Let $T: V \rightarrow W$, I am trying the prove the following transformation is injective: $G:(W/T(V))^* \rightarrow \ker(T^*)$. $G$ is defined as $$G(h(w)) = h(w + T(V))$$ where (I'm assuming) $h \in (W/T(V))^*$ and $w \in W$. To prove it is injective I have to show that if $G(h(w)) = G(f(w))$ then $h(w) = f(w) = 0$ as in the zero function of of $(W/T(V))^*$. I have two questions, first I'm kind of confused as to the transformation's definition. Because it seems that $h(w+T(V))$ is an element of $(W/T(V))^*$ rather than $\ker(T^*)$, am I missing something here?

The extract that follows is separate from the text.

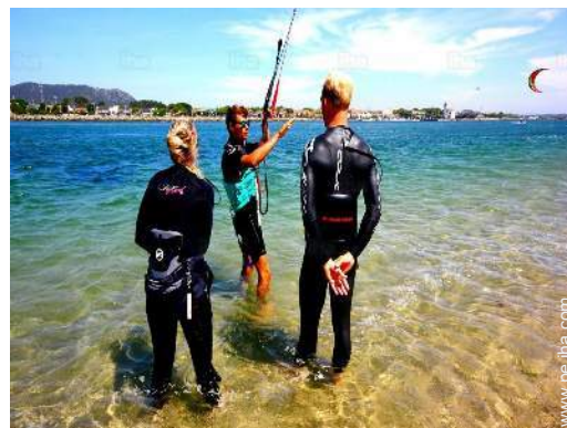
actividades náuticas cercanas

Also, how would I approach showing injectivity? Thanks in advance, and please let me know if something is unlcear.

Answer 1

We have $G:(W/T(V))^* \rightarrow \ker(T^*)$. You say that $G$ is defined as $G(h(w)) = h(w + T(V))$, but $h$ is a map $h:W/T(V)\to \Bbb K$, so we must be careful with notation. Better to write $G(h)(w)$ instead of $G(h(w)) $ (that last expression does not compile!). We'll have that $G(h)\in W^*$, which in turn is defined as $G(h)(w) = h(w+T(V))$, ok. We really have that $G(h)\in \ker(T^*)$ because $T^*(G(h)) = G(h)\circ T$ is the zero map, since $$(G(h)\circ T)(v) = G(h)(T(v)) = h(T(v)+T(V))=h(0+T(V))=0,$$so the codomain is correct, fine.

Now, to see that $G$ is injective. Take $h\in \ker G$. So $G(h)$ is the zero map, and for all $w\in W$ we have $h(w+T(V)) = 0$. This implies that $h=0$ because every element in $W/T(V)$ is of the form $w+T(V)$ for some $w\in W$.